では権利金の認定課税2,000万円を回避すべき上記①の収受すべき「相当の地代」はいくらになるのでしょうか。

《例2》

「相当の地代」の算式は、相当の地代=(土地の更地価額-収受した権利金額)×6%となります。

収受した権利金が1,000万であったとすると、収受すべき相当の地代(収受すべき実際の地代)は(5,000万-1,000万)×6%=240万となります。

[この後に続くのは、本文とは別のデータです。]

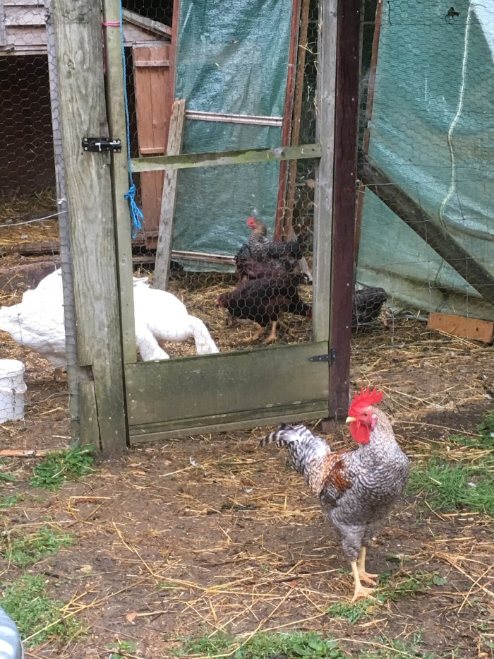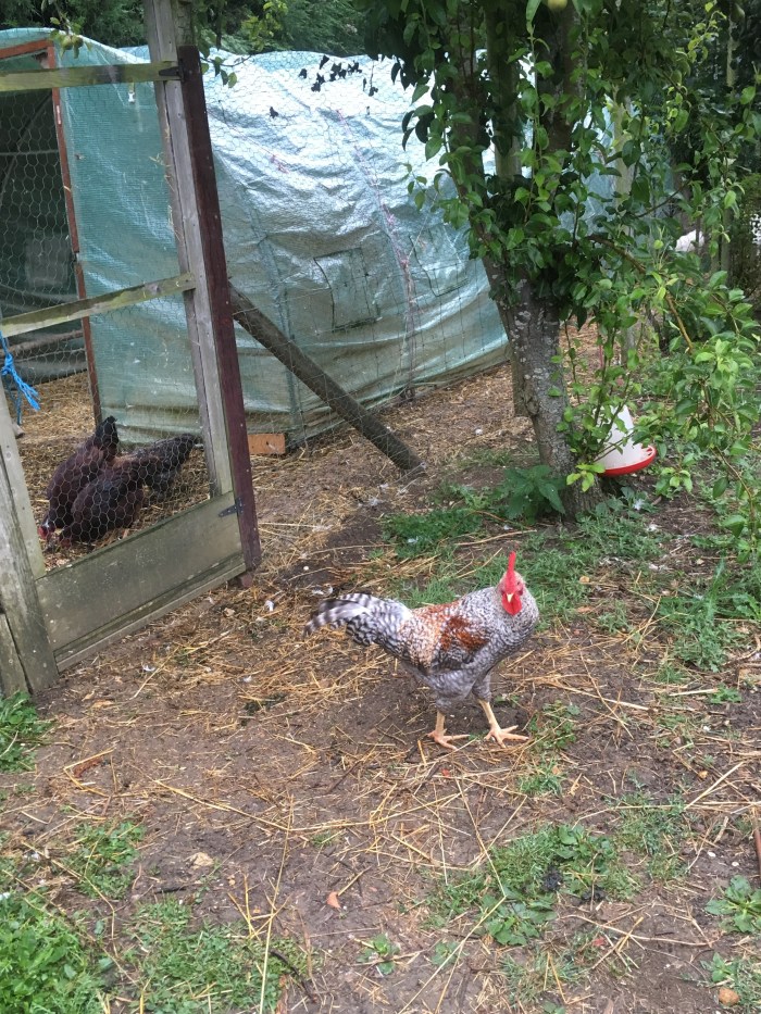 The Araucana cockerel is a macho South America male who crows loudly and struts his stuff, despite being much smaller than the other cockerel in the run. He was terrorising all the birds and even attempting to mate with the goslings! The solution has been to put him out in the orchard (with food) every morning and only allow him into the safety of the run at night after all the other birds have been locked up in their houses. I would like to think that he will change but I think his genes will continue to dictate his behaviour.

これを「適正な権利金の額」の算式に当てはめると5,000万×(1-240万/300万)=1,000万となり、適正な権利金の額3,000万円に満たない実際の権利金の額1,000万円の収受であったとしても、相当の地代を収受することにより権利金の認定課税を免れることになります(*2)。

逆に相当の地代である240万円の収受がないときには、権利金の認定課税(2,000万円)により実際の地代120万が適正な地代とされ、地代の認定課税を受けることはありません。

*2:「相当の地代方式」によって借地権の設定をするときの収受すべき相当の地代(実際の地代)は分母と同様の300万であり、「適正な権利金の額」は5,000万×(1-1)=0となり、地代の支払のみで権利金の支払がなくとも権利金の認定課税はないことになります。

2.法人借主

法人借主時にも、「権利金収受方式」により借地権の設定があった際の収受すべき権利金の額は、法人貸主の「適正な権利金の額」と同様の算式により権利金(借地権)の認定課税が行われ、権利金収受不足額を補う「相当の地代」の収受により権利金の認定課税がなされないこととなります。